Reputation: 78585
I need to do an arbitrary reorder of a 7 bit value (Yes I know I should be using a table) and am wondering if there are any bit hacks to do this.
Example:
// <b0, b1, b2, b3, b4, b5, b6> -> <b3, b2, b4, b1, b5, b0, b6>
// the naive way
out =
(0x020 & In) << 5 |
(0x008 & In) << 2 |
(0x040 & In) |
(0x012 & In) >> 1 |
(0x004 & In) >> 2 |
(0x001 & In) >> 3;
// 6 ANDs, 5 ORs, 5 shifts = 16 ops
edit: I was thinking of something along the lines of this
Just for kicks and because I was AFTK I'm trying a brute force search for solutions of the form:
((In * C1) >> C2) & 0x7f
No solutions found.
Upvotes: 3
Views: 1226
Reputation: 35540
Before you optimize, you should make sure your 'naive' way is doing what you intend. If I make your code into a function and run this loop:
for (b=0;b<7;b++)
{
i=1<<b;
printf("%d: %02x -> %02x\n", b, i, shuffle(i));
}
It produces this output, which contradicts the comments.

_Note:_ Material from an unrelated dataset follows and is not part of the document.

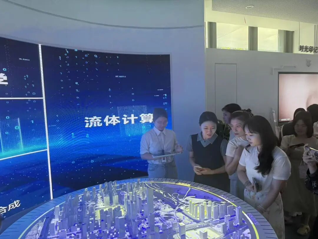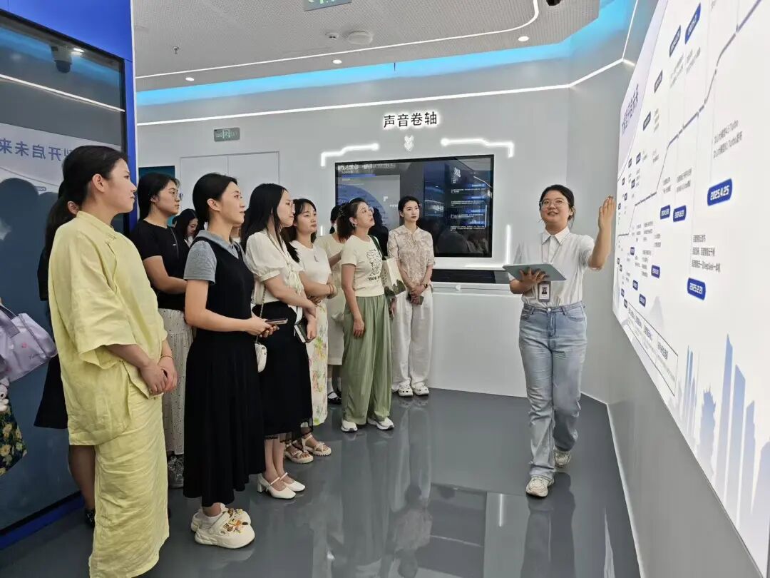 在创新中心一楼展厅,青年教师团队沉浸式体验了AI技术与教育场景的深度融合。从“NLP之书”拆解语言逻辑、辅助教学文本分析,到“无限透镜”展示CV技术在课堂管理、门禁管理中的应用;从“智能创作展示”生成《静夜思》可爱动漫风教学素材,到“格里希交互”“光影西游”通过数字人对话激发学生探索兴趣,每一项技术都让在场青年教师眼前一亮。“这些技术能把抽象的知识变生动,以后带学生研学,就能让他们亲手触摸AI的魅力!”参与调研的青年教师李老师兴奋地说,她当场记录下“声音卷轴”语音转文字、“工业识别”机械臂互动等技术细节,计划融入未来课堂设计。
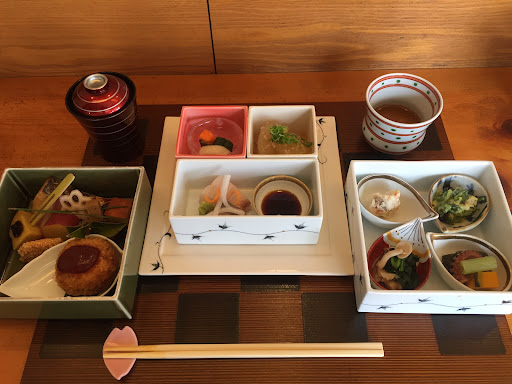 Read more岡山県の有名なお稲荷さんに初詣に出掛けたので、ランチは、その近くで...!って検索して、最終的には口コミで決めました。人気の店だと直ぐに分かったので予約を入れましたよ~(^_^;))) カウンターなら予約を取れます!と言ったので、即答でお願いしました~ 店に着くと駐車場は満杯です!車の前に停めさせてもらいましたが、人気の店にしては駐車場が狭いかもなぁ~ 早速カウンターに案内され、料理待ちです...。筆者の頭の中はまだ正月です(笑)1番高いランチメニューで予約してました~ 食事のペースに合わせて、出される日本料理の数々...前菜から始まり、最後のデザートまで!その料理一つ一つ、また器の一つ一つ、どれをとっても絵になります~ そうそう、スタッフの一人が筆者と同じ郷里出身だったのも何か縁を感じました~ ちなみに筆者は腹ペコでした!もしかしてガツガツと食事したのではないか?と、あとから後悔したけど、まいっか~(笑) わざに足を延ばして行った甲斐がありました。 お腹も心も大満足...

In fact, it loses bits.
0: 01 -> 00
1: 02 -> 01
2: 04 -> 01
3: 08 -> 20
4: 10 -> 08
5: 20 -> 00
6: 40 -> 40
In order to get the shuffle you describe, I would code it like this:
// 0 1 2 3 4 5 6
//-> 3 2 4 1 5 0 6
(0x001 & In) << 3 |
(0x004 & In) << 2 |
(0x020 & In) |
(0x012 & In) << 1 |
(0x008 & In) >> 2 |
(0x020 & In) >> 5 ;
Upvotes: 0
Reputation: 4778
The first step seems to be to understand a mathematical solution and optimize that.
see here of bit hacks
Upvotes: 5
Reputation: 1985
Have a look at the compiler output of your "naive" code, it might surprise you. I once did something like that and the compiler (VC++2005) completely changed the values of all the ands and shifts for me to make them more efficient, eg I'm sure it would remove your "(0x001 & In) >> 3".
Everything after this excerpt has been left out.